Study of Genomic Heterogeneity of Hepatocellular Carcinomas by Using Arbitrary Primer Polymerase Chain Reaction (AP-PCR).
- Author:
Seong Ho KIM
1
;
Seong Woo HONG
;
Jeong Hyun KIM
;
Yun Kyung KANG
;
Tae Gil HEO
;
Yeo Goo CHANG
;
In Wook PAIK
;
Hyucksang LEE
Author Information
1. Department of Surgery, Seoul Paik Hospital, Inje University, Seoul, Korea. cosmo021@hanmail.net
- Publication Type:Original Article
- Keywords:
Hepatocellular carcinoma;
Intrahepatic metastasis;
Multicentric occurrence;
Clonality;
AP-PCR;
DNA fingerprinting
- MeSH:
Carcinoma, Hepatocellular*;
Cholangiocarcinoma;
Discrimination (Psychology);
DNA;
DNA Fingerprinting;
Microdissection;
Needles;
Neoplasm Metastasis;
Polymerase Chain Reaction*;
Population Characteristics*
- From:Korean Journal of Hepato-Biliary-Pancreatic Surgery
2002;6(1):26-32
- CountryRepublic of Korea
- Language:Korean
-
Abstract:
BACKGROUND/AIMS: Discrimination between intrahepatic metastasis (IM) and de novo multicentric occurrence (MO) in multiple hepatocellular carcinoma (HCC) is important not only for the study of hepatocarcinogenesis but also for determination of therapeutic strategies.

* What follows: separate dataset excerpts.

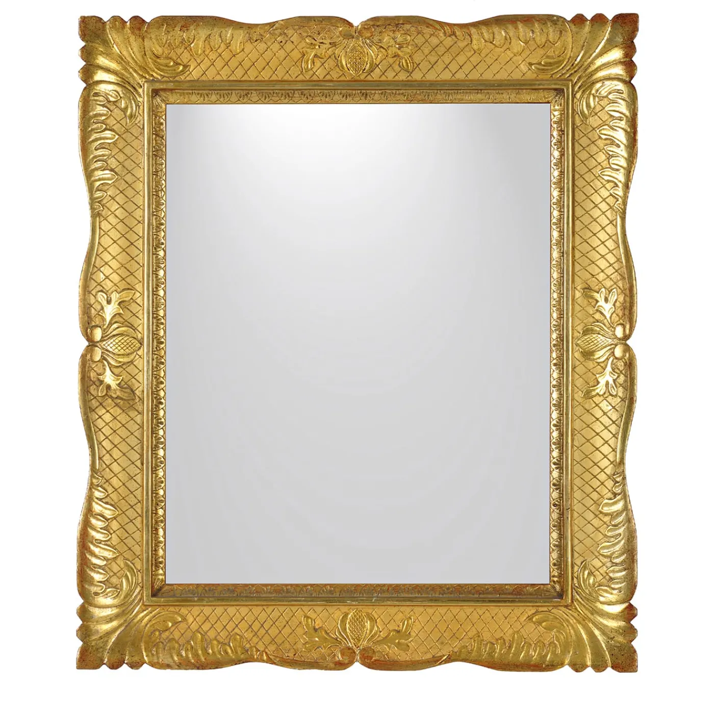 Un tradizionale specchio a cornice napoletana con stucchi e incisioni. Con una finitura lucida in foglia d’oro brunita, la sua cornice intagliata è interamente realizzata a mano e lucidatura con pietra di agata. Internamente, le dimensioni dello specchio a cornice sono 65 x 55 cm. Si prega di chiedere al Concierge per i dettagli.
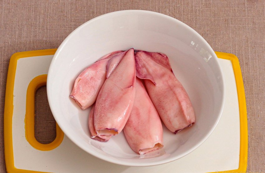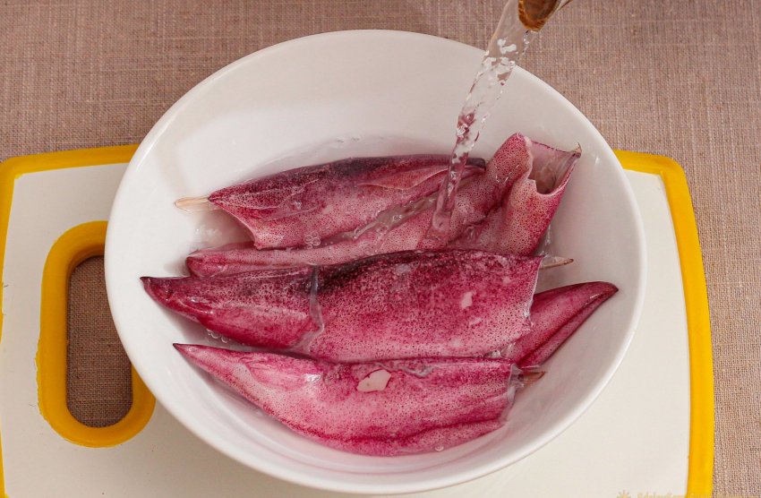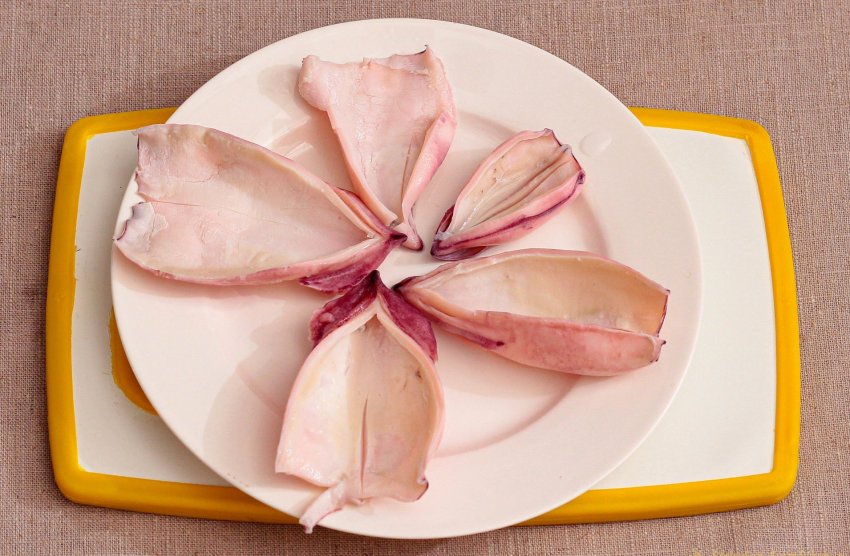 После варки очищаем тушки от остатков внутренностей. Делаем с одной стороны продольный разрез, разворачиваем. Ножом аккуратно скоблим внутреннюю часть и промываем очищенных кальмаров под холодной водой.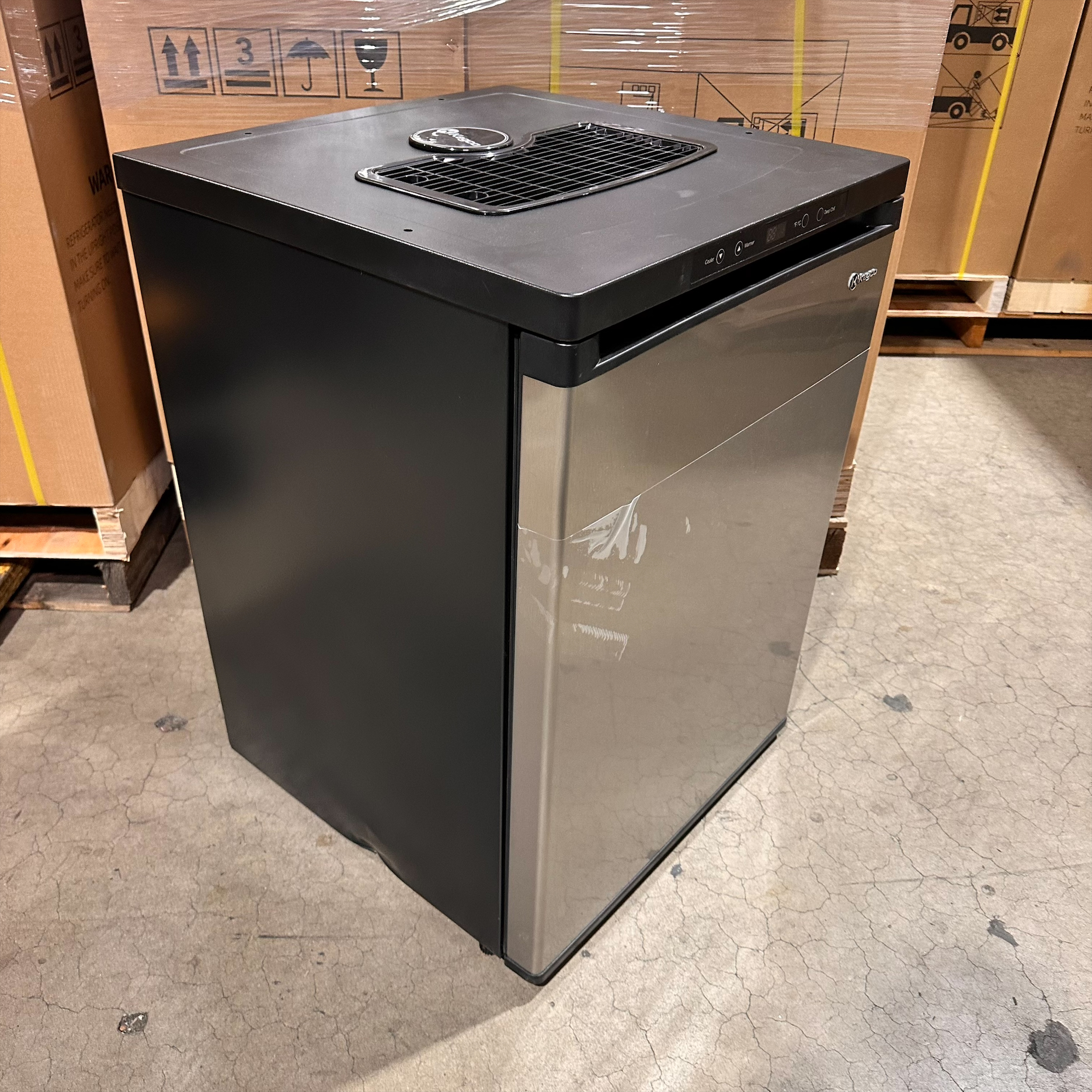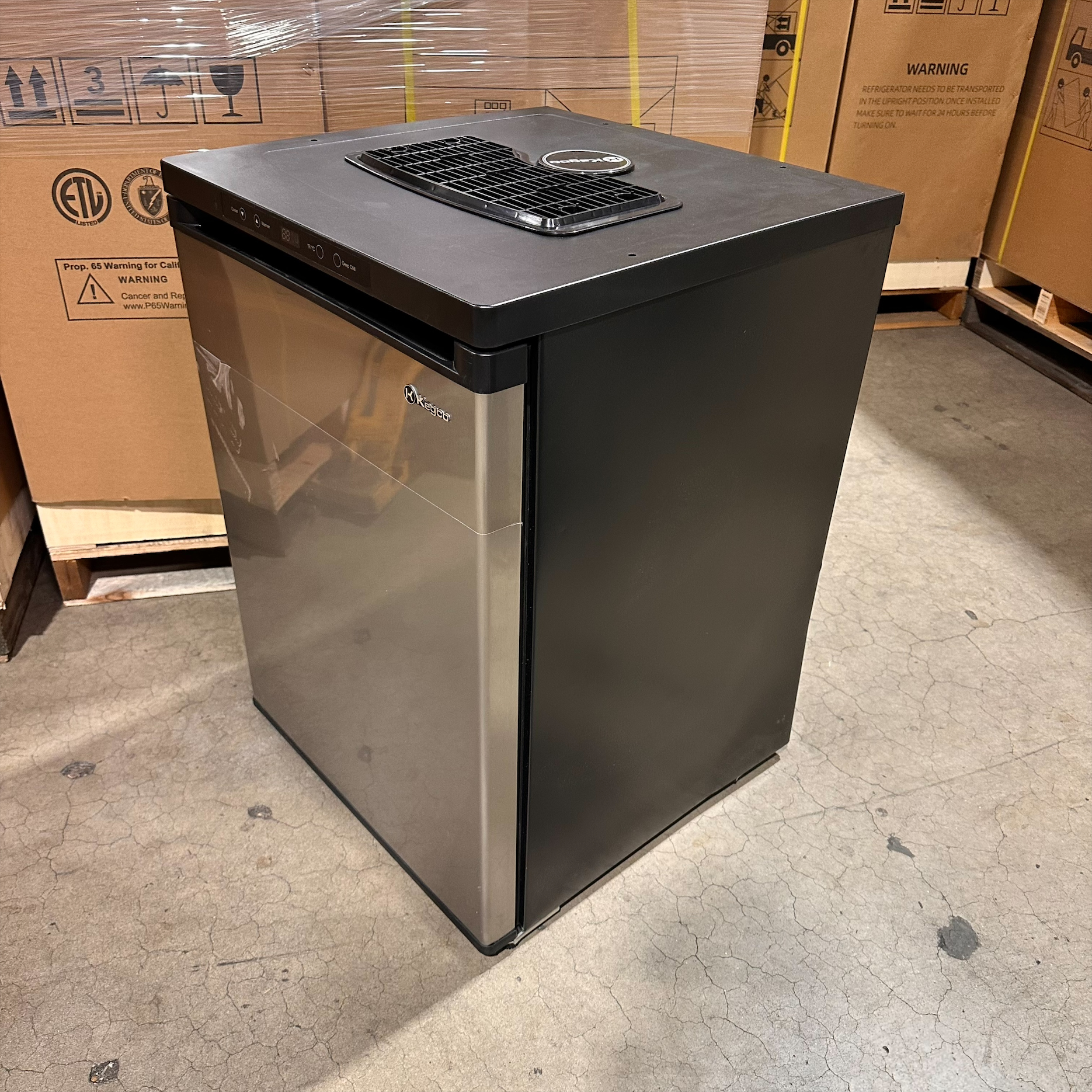This unit was inspected to ensure it includes all the standard parts and manual. It is in good physical condition with the exception of dents and scratches on the left and right sides of the unit. (See Final Photos). Damage does not affect the performance of the unit. Kegerator has been tested to ensure that it is in good working condition with a temperature that was verified down to 34.3°F on the lowest setting.

The purpose of this study is to evaluate the clonality of multiple or recurrent hepatocelluar carcinoma by using AP-PCR. METHODS: Paraffin-embedded blocks of 9 multiple synchronous hepatocellular carcinomas, one recurrent hepatocellular carcinoma and one combined hepatocellular carcinoma and intrahepatic cholangiocarcinoma were used. None of the tumors was larger than 3.3 cm in diameter. Microdissection was done by using sterile 27 gauge needles and microscope. Two different arbitrary primers (AR3, ZF3) were utilized in AP- PCR. The clonality of tumor was assessed by DNA band pattern (DNA fingerprint) of PCR product. RESULTS: Eight of nine multiple synchronous hepatocellular carcinomas had distinctly different DNA fingerprints. One recurrent hepatocellular carcinoma and one combined hepatocellular carcinoma and intrahepatic cholangiocarcinoma also had different DNA fingerprints. CONCLUSION: AP-PCR is a simple and very powerful method for determining the clonality of multiple hepatocellular carcinomas. The majority of multiple, small-sized hepatocellular carcinomas have different clonalities and it seems that a significant number of multiple hepatocellular carcinomas are of multicentric, de novo nature.